For example, Apple Chief Executive Tim Cook appeared with Trump at the White House in August to announce a $600-billion U.S. spending plan to take place over four years. That was a $100-billion increase over its previously-announced program.
More to the point, however, it incorporated spending with suppliers that Apple had been working with for years. Mentioned in the news announcement was a commitment to buy cover glass for iPhones from Corning. But Corning has been supplying that glass since the first iPhone appeared in 2007. In any case, the announcement appeared to secure a commitment from Trump to exempt Apple from tariffs imposed on imported chips.
Apple’s announcement Wednesday that it will spend $30 billion to buy chips from Broadcom was similarly ambiguous. The announcement didn’t provide details about the terms of the commitment or the timing of its expenditures. I asked Apple for details and whether the deal was related to a desire to remain in Trump’s favor, but didn’t hear back.

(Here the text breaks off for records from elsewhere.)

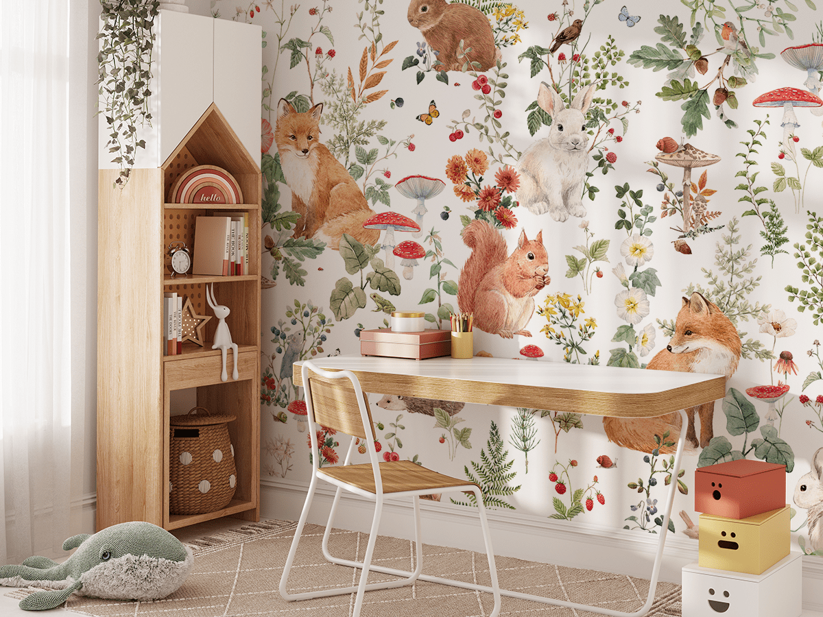 Detajet delikate dhe ngjyrat e gëzueshme e bëjnë këtë sfond fotografik një përshtatje të përsosur për dhomën e një fëmije, duke krijuar një hapësirë të ngrohtë, komode dhe frymëzuese për të luajtur, mësuar dhe relaksuar. Është një mënyrë e shkëlqyer për të sjellë sharmin natyror të pyllit dhe natyrës në ambientet tuaja të brendshme.
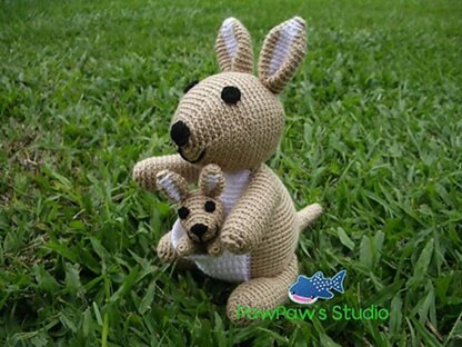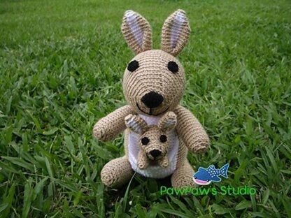 Mom kangaroo is about 28 cm /11” tall. Baby kangaroo is about 12 cm /4.7” tall.
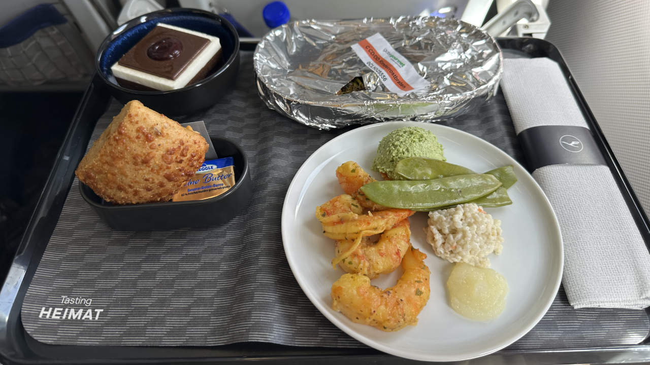 Auf weiteren Flügen im Sommer 2025 gab es z.B. ein Rinderfilet mit Kräuterkruste oder Lachs mit Kartoffelsalat.
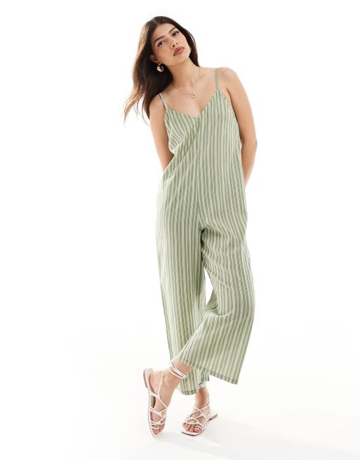 Wednesday's Girl striped romper jumpsuit in sage and white
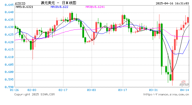 新浪外汇消息2025年04月16日,截至16时30分,外汇市场上澳元兑美元汇率突破1澳元兑换0.6371美元。涨幅为0.5492%
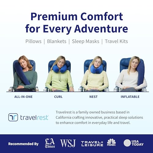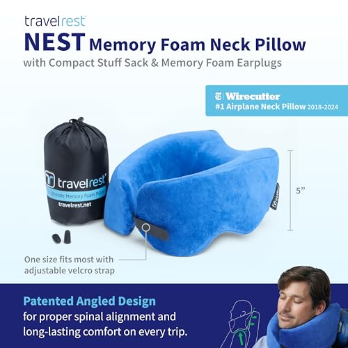 OPTIMAL SLEEP IN THE SKIES – TOP AIRPLANE NECK PILLOW FOR 2018 – 2023: ENDORSED BY THE NEW YORK TIMES WIRECUTTER. After undergoing multiple cross-country overnight flights in various seat positions—window, aisle, and center—we are confident that the Travelrest Nest Ultimate Memory Foam Travel Pillow reigns as the paramount choice. With its remarkable comfort and effortless portability, this pillow has proven itself as the ultimate travel essential.

A similar phenomenon occurred during Trump’s first term; Trump had built much of his 2016 presidential campaign on a promise to increase manufacturing jobs in the United States. He blamed shrinkage in the manufacturing sector on trade agreements such as NAFTA and the policies of the Chinese, and took credit when an American manufacturer agreed to create or save jobs in the United States.

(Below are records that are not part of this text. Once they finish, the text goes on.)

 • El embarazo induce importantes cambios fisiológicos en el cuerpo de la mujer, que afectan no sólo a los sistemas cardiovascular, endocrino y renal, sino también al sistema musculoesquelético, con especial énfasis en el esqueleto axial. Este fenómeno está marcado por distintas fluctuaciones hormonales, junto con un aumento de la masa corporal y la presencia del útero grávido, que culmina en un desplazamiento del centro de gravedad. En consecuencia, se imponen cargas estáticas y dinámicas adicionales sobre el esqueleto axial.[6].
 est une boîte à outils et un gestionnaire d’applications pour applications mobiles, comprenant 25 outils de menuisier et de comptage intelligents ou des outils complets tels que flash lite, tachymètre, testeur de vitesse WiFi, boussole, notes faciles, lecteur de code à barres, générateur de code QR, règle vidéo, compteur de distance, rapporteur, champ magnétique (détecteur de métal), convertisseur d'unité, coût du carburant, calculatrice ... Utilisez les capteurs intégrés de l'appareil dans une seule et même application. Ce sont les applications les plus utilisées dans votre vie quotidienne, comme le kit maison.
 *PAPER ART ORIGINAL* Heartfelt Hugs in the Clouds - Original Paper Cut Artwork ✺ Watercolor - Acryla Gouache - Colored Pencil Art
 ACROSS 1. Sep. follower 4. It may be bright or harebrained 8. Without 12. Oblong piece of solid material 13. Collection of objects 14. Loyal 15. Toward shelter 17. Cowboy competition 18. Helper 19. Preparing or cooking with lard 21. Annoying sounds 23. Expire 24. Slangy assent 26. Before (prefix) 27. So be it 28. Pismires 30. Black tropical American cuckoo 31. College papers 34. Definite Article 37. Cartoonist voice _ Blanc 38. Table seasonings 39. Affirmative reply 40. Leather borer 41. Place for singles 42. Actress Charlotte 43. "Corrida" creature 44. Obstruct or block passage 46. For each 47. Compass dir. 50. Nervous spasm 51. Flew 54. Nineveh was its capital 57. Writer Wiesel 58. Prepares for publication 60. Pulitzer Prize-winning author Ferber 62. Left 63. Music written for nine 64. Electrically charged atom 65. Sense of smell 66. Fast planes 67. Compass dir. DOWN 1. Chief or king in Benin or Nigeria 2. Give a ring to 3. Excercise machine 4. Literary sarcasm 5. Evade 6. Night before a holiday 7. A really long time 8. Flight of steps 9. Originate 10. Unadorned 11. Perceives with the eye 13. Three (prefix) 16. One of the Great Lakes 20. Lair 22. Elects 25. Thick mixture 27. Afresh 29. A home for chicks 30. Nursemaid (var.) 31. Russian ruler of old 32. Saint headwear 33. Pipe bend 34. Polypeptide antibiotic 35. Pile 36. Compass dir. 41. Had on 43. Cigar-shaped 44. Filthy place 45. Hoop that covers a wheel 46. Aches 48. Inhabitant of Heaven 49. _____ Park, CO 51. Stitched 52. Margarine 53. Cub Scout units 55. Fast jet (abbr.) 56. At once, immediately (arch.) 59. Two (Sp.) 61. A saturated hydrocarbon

As I reported in 2019, many of those arrangements turned out to be exaggerated or bogus, or predated Trump’s claim. Some disappeared as soon as public attention turned elsewhere, or were outweighed by job cuts made elsewhere by the same companies.
Trump’s tariffs appear to have had a direct effect on manufacturing employment in the U.S. Since Trump’s inauguration, the manufacturing sector has shed about 75,000 jobs, or 0.6%. After April 2, 2025, when he announced global “liberation day” tariffs supposedly as a response to years of unfair treatment of American exports, the decline picked up pace, with a shrinkage of 68,000 manufacturing jobs.
The Supreme Court invalidated those tariffs in February, but others are still in place, including tariffs on imported steel and aluminum and on goods from China. Nor has he ceased threatening partners with trade wars. As recently as Tuesday, he said he would cut off all trade with Spain because of that country’s disagreement with him over its defense spending and its criticism of his Iran war.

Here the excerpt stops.